Nowadays almost everyone uses floating point arithmetic. The system is essentially a tradeoff between range and accuracy, allowing one to represent numbers that are very small, or very large. However, there are other ways of doing this.

One of these ways, as I've recently discovered, is called symmetric level-index arithmetic. It's a complex system involving a kind of power tower, and I've seen some sporadic software implementations of the system in various places.

What are the advantages and disadvantages of this system versus traditional floating point arithmetic? Can't it be duplicated by, for example, increasing the base at which the exponent is taken? (thereby further reducing precision, but increasing range)

asked Mar 17 '23 23:03
#### GregRos

Symmetric, level-indexed arithmetic (SLIA) is very good at representing gigantic numbers. For example, it can easily represent a googol `10^100`

as 4.5268756157751 or a googolplex `10^(10^100)`

as 5.5272678974304. You can continue this up the tetration chain easily.

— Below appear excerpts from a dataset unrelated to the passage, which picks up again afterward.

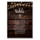 Dîner mariage Table d'hôtes Carte de tableau, Script rustique moderne, lumières à cordes, arrière - plan en bois foncé Customiser le texte et / ou retirer et remplir avec votre mariage thème.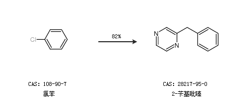 2.通过氯苯合成2-苄基吡嗪,收率约82%;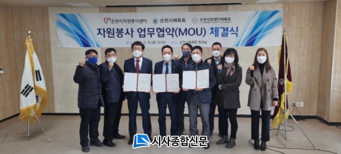 Áö³ 15ÀÏ ¼øÃµ½ÃüÀ°È¸ ȸÀǽǿ¡¼ ¿¸° Çù¾à½Ä¿¡´Â ¼¼ ±â°üÀÇ °¢ ´ëÇ¥°¡ Âü¼®ÇÑ °¡¿îµ¥, ¼º°øÀûÀÎ Çà»ç°³ÃÖ¸¦ À§ÇØ ÀÚ¿øºÀ»ç Áö¿ø, »óÈ£±³·ù ¹× Çù·ÂÀ» °ÈÇϱâ·Î Çß´Ù.

This is in complete contrast to floating-point math, which breaks when it encounters exponents that are themselves high orders of magnitude.

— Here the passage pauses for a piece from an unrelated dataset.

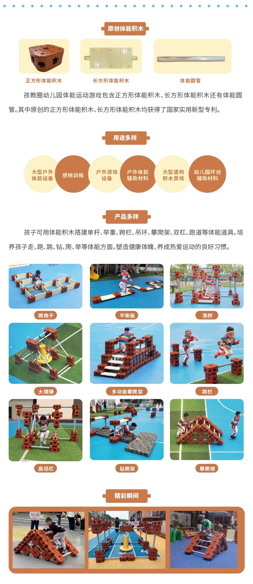 孩教圈 “百变体方” 体能游戏以体能为核心,融合户外游戏、大型建构 、STEAM等多领域游戏。可搭建大型户外体能设备、感统训练、户外游戏设备 、户外体能辅助材料、大型建构积木游戏 、幼儿园环创辅助材料等用途。提供原创的体能道具,幼儿可自主搭建体能造型,培养孩子走、跑、跳 、钻 、爬等体能方面,爱上运动。结合STEM的创新教学理念,融入了工程 、技术、科学、 数学 、艺术的学科综合教育。为幼儿园开展体能活动+户外游戏提供科学的整体方案。

However, floating point numbers do have fixed multiplicative (percentage) precision. The value `ulp(x)/x`

where `ulp`

is the distance between `x`

and the next closest representable number, is bound by a relatively low value = `2^(-bits of precision)`

. On the other hand, SILA does not guarantee this effect. Assuming you are storing your SILA represented bits fixed-point (since you are probably going to have *some* upper bound on your level), you have some fixed `ulp`

in your index value. To use an example with SILA, take the example `SILA = 3.14159`

; `x = e^(e^(e^.14159)))`

. To find `ulp(x)`

, we can use the derivative rule for the propagation of uncertainty, using `ulp(index)`

as the uncertainty in the index (`.14159`

). `ulp(x) = e^(e^(e^.14159)))*e^(e^.14159))*e^.14159*ulp(index)`

, so `ulp(x)/x = e^(e^.14159))*e^.14159*ulp(index)`

. This pattern holds in general, and due to the massive multiplicative difference between `n`

and `e^n`

I am ignoring all but the first term to conclude that `ulp(x)/x ~ ln(x)*index*(ulp(index)/index)`

. This is clearly a much higher level of error than you would have with a floating point representation.

Increasing the base of representation would increase the range. However, the real question is *how big do you want your numbers to get*? One of the largest numbers in physics, the Poincare recurrence time (see this article for the value), can be easily represented by standard SLIA as `8.2`

. Larger numbers, such as Graham's number, cannot be expressed in any base SLIA effectively, the number of towers is just too great. Base `e`

is simply convenient because it does not require any correction factors.